Snorp Thoughts

Yilong Ma: Architecting an AI Impersonator

January 21, 2023

Have you ever wondered what it would be like if Elon Musk tweeted in broken Chinese with poor grammar and a hashtag that makes no sense? No? Well that’s how ChatGPT wants me to start this post.

Yilong Ma is a Chinese man who grew to fame for his imitation of Elon Musk on TikTok. He first entered my life a few months ago with this repost and it was love at first sight. When I was exposed to GPT-3 through the explosive launch of ChatGPT, an inevitable sequence of events was set in motion. Through my conversations with ChatGPT (“Chat” for short), I learned how to build an AI-powered Twitter bot, ultimately unleashing my imitation of an imitation upon the world in a matter of hours.

Beginnings

I asked Chat a few introductory questions just to get a feel for how this might work. I quickly discovered that Twitter and OpenAI provide public APIs that could address the core functionality of my idea, so I made accounts with both to get my keys.
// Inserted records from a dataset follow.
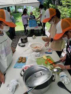 カレー、ご飯、かまどの係に分かれて始まりました。
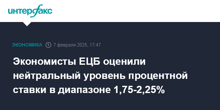 Москва. 7 февраля. INTERFAX.RU - Нейтральный уровень ключевой процентной ставки, при котором она не сдерживает, но и не стимулирует рост экономики, составляет 1,75-2,25%, показывают расчеты экономистов Европейского центробанка.
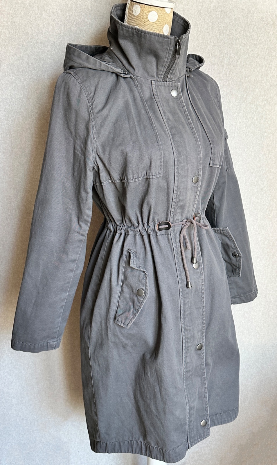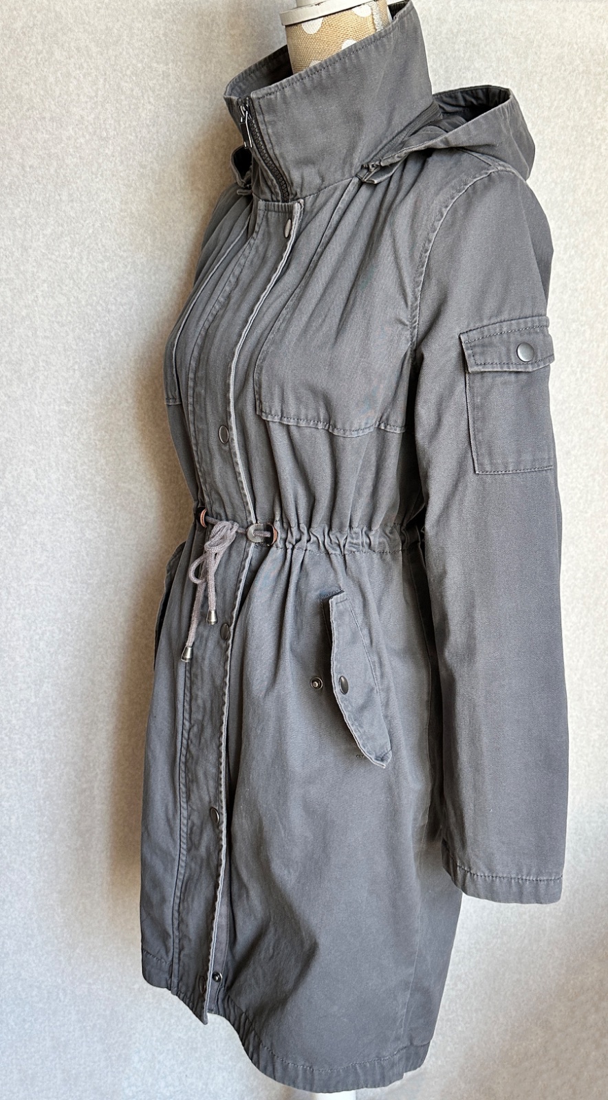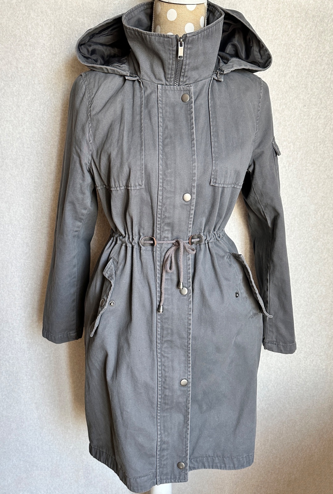 Príjemná bunda v matnej sivej farbe, mäkký pohodlný materiál, plne podšitá. Bunda má uško na zavesenie, odopínaciu kapucňu (na zips), zapínanie na zips s prekrytím na kovové cvokové gombíky. Po bokoch sú vrecká, v páse uťahovacia šnúrka. Na ľavom rukáve je v hornej časti malé vrecko. Zadný diel je predĺžený, v strede je rozparok. Materiál je mäkká bavlna (100%).

Chat and I went back and forth for a little while as we refined the starter code for my bot. This definitely provided a solid foundation, however it was insufficient to create a functional bot due to the limited mental capability of Chat. I took my quest to YouTube, where the first relevant video I found was an excellent demonstration by Fireship, a channel very familiar to me. This gave me all the information I needed to produce a functional Twitter bot, but I had a very unique idea in mind.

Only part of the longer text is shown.